Pay Attention to the Heat Index

Focus on the heat index values (forecasters will commonly call these out, and they are easily found on any weather website), especially if you are planning a day outdoors. What is the heat index, exactly? It’s a measurement of both the air temperature and the relative humidity. With high humidity, an outdoor temperature of 85 can feel 10 degrees hotter to your body.

If the weather station issues any of the following:

  • Heat watch
  • Heat advisory
  • Excessive heat warning

Young children and the elderly are especially susceptible to heat-related illnesses, or if you have had a prior heat stroke you may have to decide to stay indoors to ensure you are safe from the blistering heat. You should also take precautions such as bringing all pets inside. And don’t forget about checking on your neighbors (especially the elderly)! They need to stay out of the excessive heat, too.

Your Diet Plan When the Heat Arrives

When that heat wave does arrive, you’ll need to be ready for it. Start by focusing on what you drink during the warmer months (all year long doesn’t hurt) to help prepare your body well in advance of excessive heat waves.

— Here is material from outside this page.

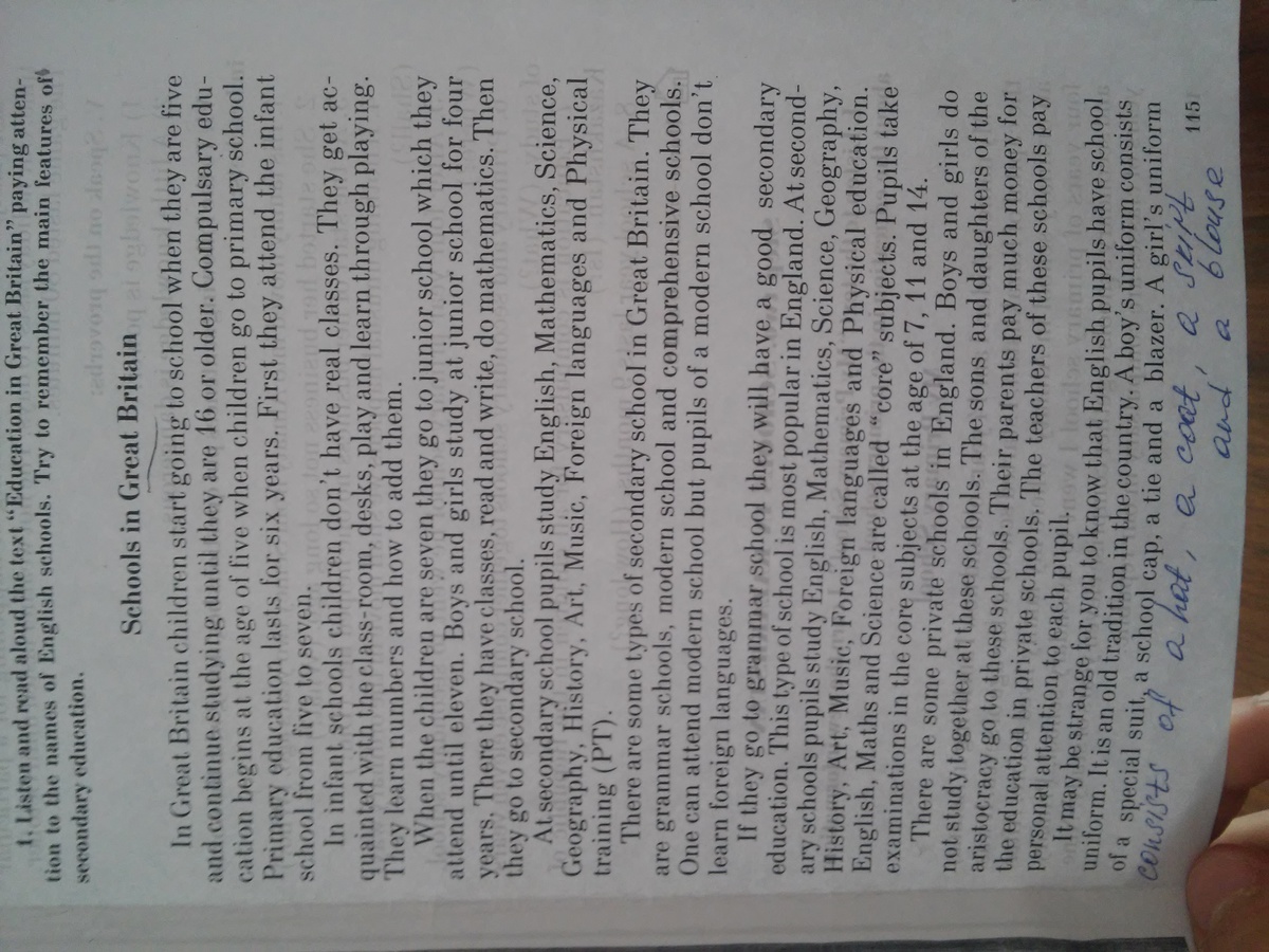 В Великобритании дети начинают ходить в школу ,когда им пять лет и продолжают пока им не исполнится 16 или больше лет.Обязательное образование начинается в возрасте от 5 лет,когда ребенок ходит в начальную школу.Начальное образование продолжается в течении 6 лет.В первые они посещают детскую школу от 5 до 7 лет.В детской школе у детей нет обычных классов.Они знакомятся с классом,партой,играют и учатся играя.Они учат числа и как прибавлять их.Когда детям исполняется 7 лет они в юношескую школу,в которую ходят пока им не исполнится 11 лет.Мальчики и девочки учатся в юношеской школе в течении 4 лет.там у них классы,чтение и письмо,выполнение математики.Затем они идут в общеобразовательную школу.В общеобразовательной школе учат математику,английский,науку,географию,историю,искусство,музыку,иностранные языки и физкультура.Там несколько видов общеобразовательной школы.Гимназия,современная школа,общеобразовательная школу.Ученик может посещать современную школу ,но ученики современной школы не изучают иностранные языки.Если они идут в гимназию,то они будут иметь хорошее среднее образование.Этот тип школ популярен в Англии.Ученики средних школ изучают английский,математику.науку,географию,искусство,рисование,музыку,иностранные языки и физкультура.Английский,математика и наука называются основными предметами.Ученики сдают экзамены по основным предметам в возрасте от 7.11 до 14 лет.В Англии есть несколько частных школ.Мальчики и девочки в этих школах не учатся вместе.В эти школы ходят сыновья и дочери аристократов.Их родители платят очень много денег на образование в частной школе.Учителям в этих школах платят за персональное внимание каждому ученику.Это может быть странно для вас,что английские ученики носят униформу.Это старая традиция страны.Униформа мальчика состоит из специального костюма,школьной шляпы, галстука и пиджака.Девичья униформа состоит из шляпы,пальто,юбки и блузки.

Sweating is your body’s way of fighting the heat, but that only works if you are already well hydrated. The first thing that hits a body overheating is dehydration, so make sure you drink plenty of water as a regular practice throughout the day. Water fortified with extra electrolytes such as potassium are available if you prefer those, but plain old water usually fits the bill just fine.

If you normally eat three meals a day, break that up five or six smaller ones to fight the natural fatigue that comes with heat. Avoid heavy, hot foods as well. (Meat and other heavy foods generate heat both when you cook them and when you digest them.) Stick with salads and fruit for something cool and satisfying.

Keeping Your Cool in the Summer Heat

Find ways to keep your body feeling fresh, especially if you must travel to and from work or school. One of the best options is to jump in the shower when you need a cool-down — just make sure the water’s not blistering hot. If you find you just need a pick-me-up while lounging around the house, an ice pack on your neck or even a bag of frozen vegetables can be refreshing!

Other ways to stay cool around the house: keep the lights off wherever possible. The bulbs generate heat, so if there are enough of them on, they can actually affect the temperature in the room. A dark room also just “feels” cooler, literally and figuratively.

A little creativity and common sense combined with the tips above will help you stay safe from the heat this summer. Stay inside when temperatures and heat indexes are highest, and pass along these tips about heat safety to those you love!